I can fucking relax a little bit

Chris Remington ( @remington@beehaw.org ) · 3 years ago

I can fucking relax a little bit

argv_minus_one ( @argv_minus_one@beehaw.org ) · 3 years ago

This must be the one. Those are some monster queries.

I’m no database expert, but I wonder if it would be wise to break those up into multiple queries instead of joins. Joining post with person and community would result in a ton of duplicate data, wouldn’t it?

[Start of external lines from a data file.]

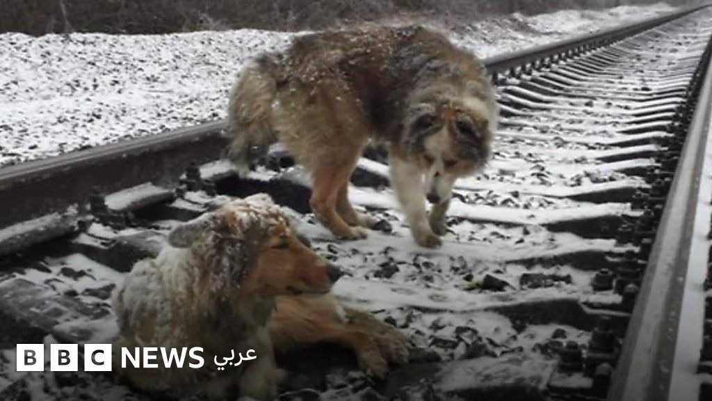 رفض كلب التخلي عن شقيقته المصابة على أحد خطوط السكك الحديدية في أوكرانيا.
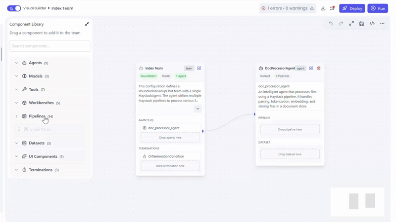 - Pipelines are dragged and dropped onto the DocProcessorAgent
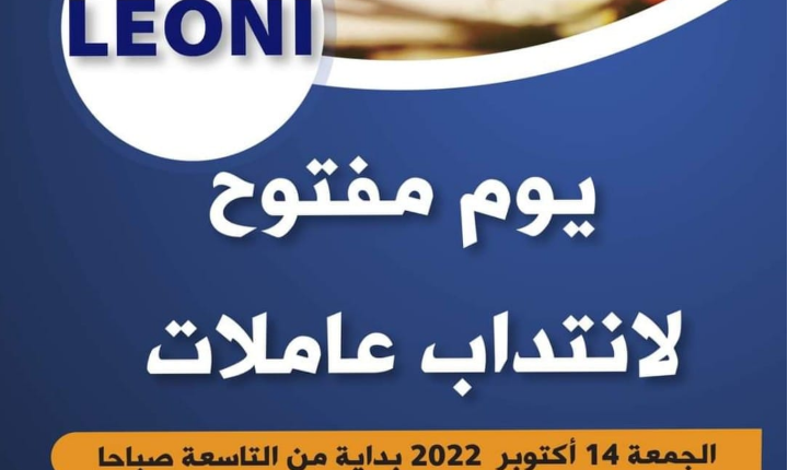 ليوني ماطر الشمالية ينظم يوما مفتوحا لانتداب عاملات و ذلك بالتنسيق مع مكتب التشغيل بماطر يوم الجمعة 14 اكتوبر 2022 بداية من التاسعة صباحا بمقر مكتب التشغيل بالجهة
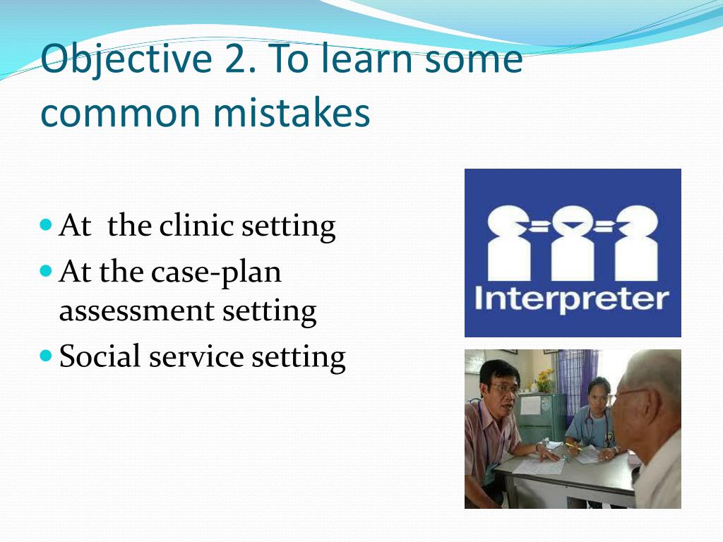 Objective 2. To learn some common mistakes • At the clinic setting • At the case-plan assessment setting • Social service setting
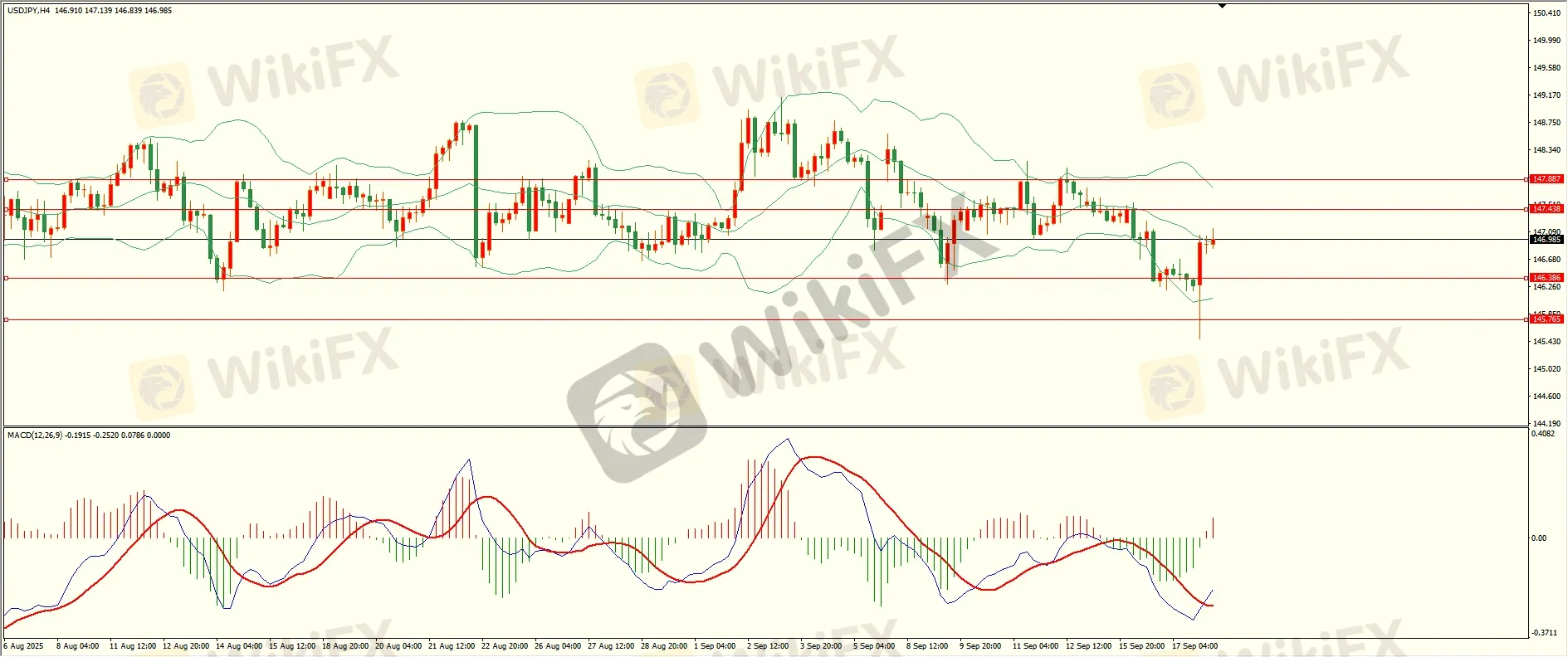 美日昨日小幅反弹后承压下行,尾盘时段回落至第二支撑上方展开反弹,日线报收下影线中阳线,收盘位置触及前阻力区,在没有收复前谨慎追涨,从4H来看,布林上下轨收窄,MACD零轴下方运行,日内上方首要阻力147.40-50,第二阻力147.85,下方支撑146.35,145.75,保持在第一阻力下方短线有望回测第一支撑。
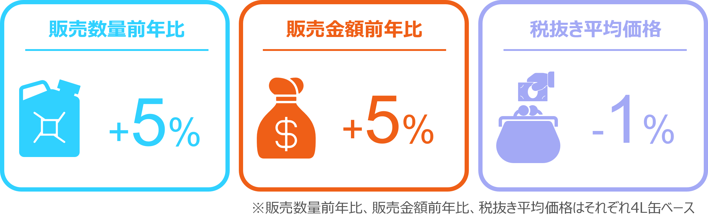 2025年1月の自動車用エンジンオイルの4L缶販売は、数量前年比5%増と前年を上回り、店頭では同5%増、インターネットでは同12%増であった。4L缶の主要な粘度では、0W-20が数量前年比1%減であったが、5W-30が同6%増、0W-16は同18%増と伸長した。4L缶の税抜き平均価格は4,072円と前年同月から1%下落し、店頭では前年並みであったものの、インターネットでは4%下落した。4L缶全体の金額前年比は5%増となり、店頭では4%増、インターネットでは7%増であった。
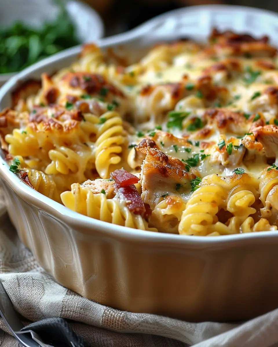 Creating a comforting dish like Crazy Good Chicken Pasta Casserole in your kitchen can be a delightful experience. This recipe combines savory chicken, mouth-watering turkey bacon, and tender pasta—all baked to perfection. Let’s roll up our sleeves and get started!
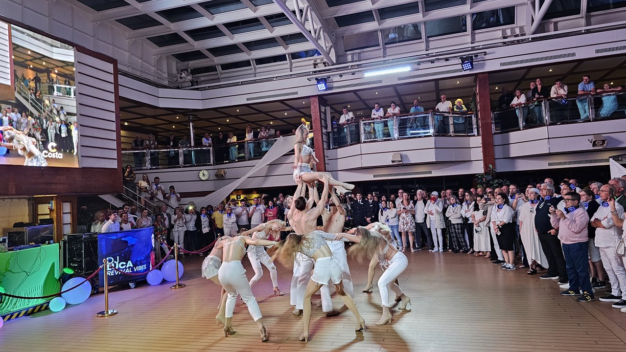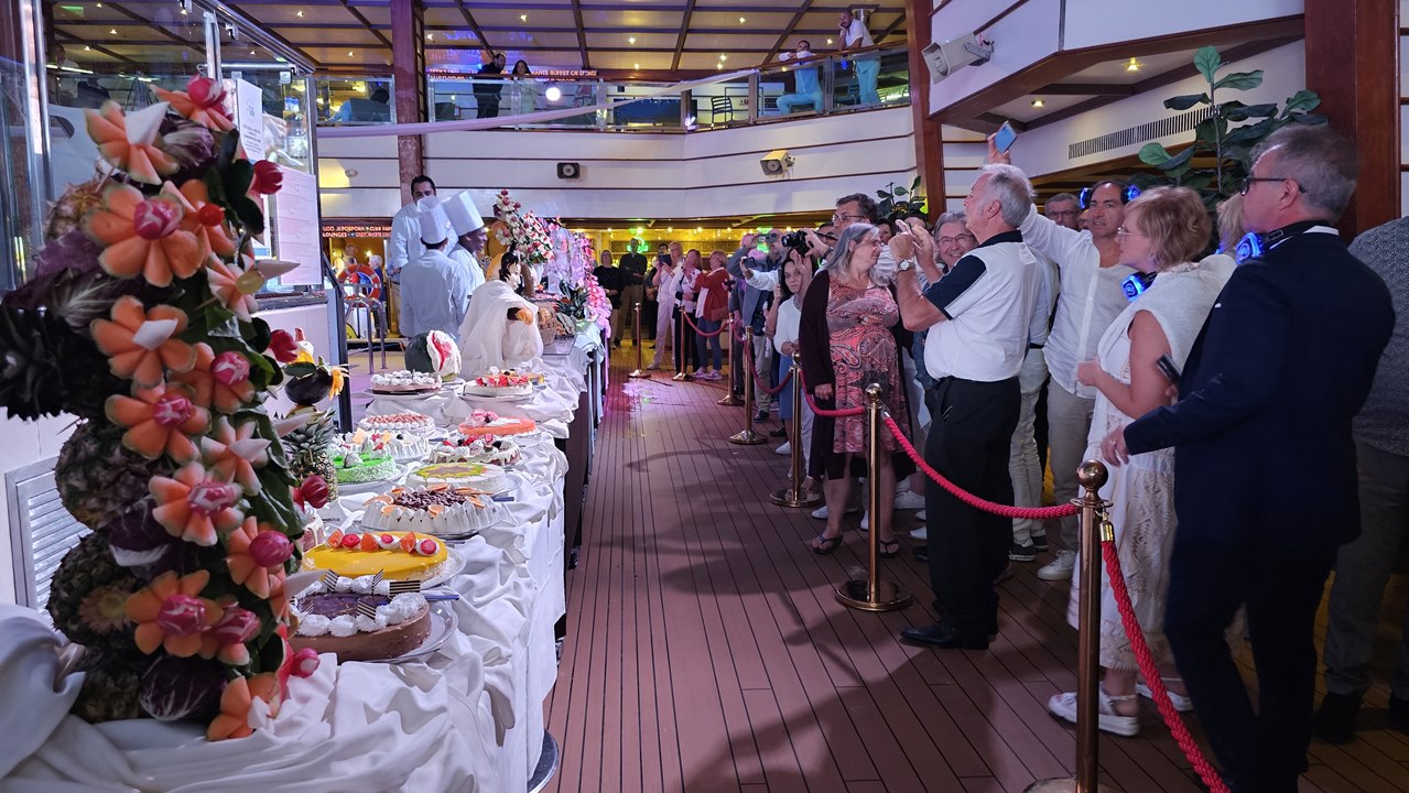 Ein Highlight jagt das nächste: Um 22.45 Uhr startet die White Night mit Silent Party. Eine super Party! Fast alle Gäste sind ganz in weiß gekleidet, das Costa-Team hat ein fantastisches Buffet mit herrlichen Leckereien aufgetischt. Alle sind gut gelaunt, es herrscht eine super Stimmung!
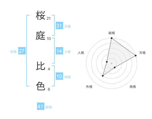 桜庭 比色さんを姓名の画数から五運を鑑定
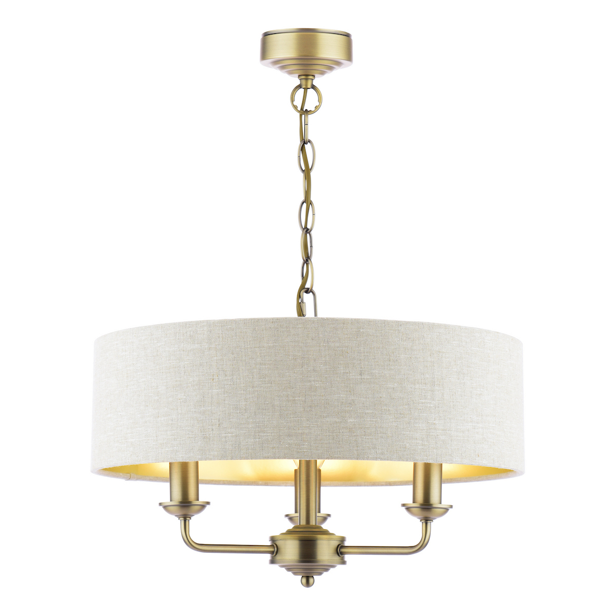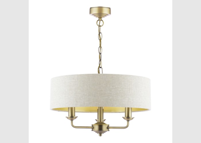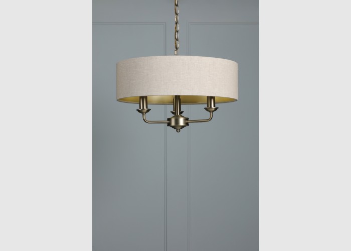 Laura Ashley Sorrento 3 Light Shadelier Matt Antique Brass With Natural Shade

I’m actually interested in what people have to say about this, because I have a project that’s kind of sensitive to database query performance, and I’m worried that I’ll find out about some performance bottleneck the hard way like Beehaw just did. The more I learn about the subject, before my project goes to production, the better!

veroxii ( @veroxii@lemmy.ml ) · 3 years ago

No, joins are always faster. If you ultimately need to combine the data for the app, the database will be faster than your code can do it, since that’s what it was built to do.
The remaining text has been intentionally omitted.